Unsupervised Word Translation with Adversarial Encoder (Mohiuddin and Joty 2020)
Crosslingual word embeddings are becoming crucial in multilingual natural language processing tasks and, recently, several authors claim that unsupervised methods even outperform the supervised ones (see for instance Lample et al. 2018, Artetxe, Labaka, and Agirre 2018, Xu et al. 2018), making them appealing also in the low-resource setting. This is not true in all cases, and specifically, adversarial techniques for dictionary induction show stability and convergence issues for some language pairs (Zhang et al. 2017; Lample et al. 2018). In general, unsupervised adversarial bilingual embeddings are learned in two phases: (i) induction of an initial seed dictionary using an adversarial network and (ii) refinement of the initial mapping, and therefore, dictionary, until convergence. This paper tries to address those limitations by extending adversarial autoencoders. One of the main contributions is training the adversarial mapping in a latent space, with the hope that this will minimize the effect of a lack of isomorphism between the two original embedding spaces. In addition, the authors combine several loss functions in the initial mapping of source-target embeddings and experiment with various refinement techniques for the second phase. Their deep analysis of the results shows that forcing cycle consistency (i.e., the source translated into the latent target space and then back-translated into the source original space must be the same) and symmetric re-weighting (i.e., re-weight the embedding components according to cross-correlation, to increase the relevance of those that best match across languages and select the top-k as dictionary) are the major contributions to the final performance of the method. These techniques have been used before, but the authors show that their combination with other variants is the main reason for improving the robustness of adversarial methods.
LESSLEX: Linking multilingual Embeddings to SenSe Representations of LEXical Items
Colla, Mensa, and Radicioni (2020) propose this lexical resource composed of a set of embeddings, multilingual by design, which are built by retrieving information from BabelNet synsets and using ConceptNet Numberbatch (CNN) word embeddings (Havasi, Speer, and Alonso 2009). The approach is motivated by the proposition that anchoring lexical representations to multilingual senses should be beneficial for both word representations and final applications.
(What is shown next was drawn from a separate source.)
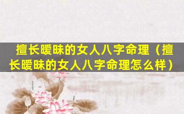 我没有关于“擅长暧昧的女人八字命理的 💮 ”信息。

Interestingly, a comprehensive evaluation of such vectors seems to support this hypothesis. By using both resources (BabelNet and CNN), the tool is proven to be more effective than most related approaches through a set of experiments focusing on conceptual, contextual, and semantic text similarity. From a novel perspective, given that the proposed word representations are based on senses, the authors design a new technique to evaluate word similarity taking into account the similarity between the target words and each of their senses; then they use it to scale the similarity between the two senses.
LINSPECTOR: Multilingual Probing Tasks for Word Representations
Sahin (2020) releases a ready-to-use tool to evaluate word representations (or neural model layers) on multiple languages together with a variety of linguistic features. This tool moves beyond the standard classification probing task by using case marking, possession word length, morphological tag count, and pseudoword identification. Such type-level probing tasks are relevant for the scientific community because it is useful to analyze the underlying linguistic properties captured by a word embedding, which is especially important for morphologically rich languages. In addition to the tool, the paper includes complete experiments both on probing and downstream tasks of a variety of word representations in 24 languages. The main contribution of these experiments is that results reveal mostly significant positive correlations between probing and downstream tasks. Further analysis shows that these correlations are higher for morphologically rich languages.
3. Sentence Representations
The level of sentence representations is covered in this special issue from two contrasting perspectives: neural and symbolic. While the paper on neural representation describes research on an encoder-decoder architecture that shares an attention bridge, the symbolic contribution is an overview of different frameworks.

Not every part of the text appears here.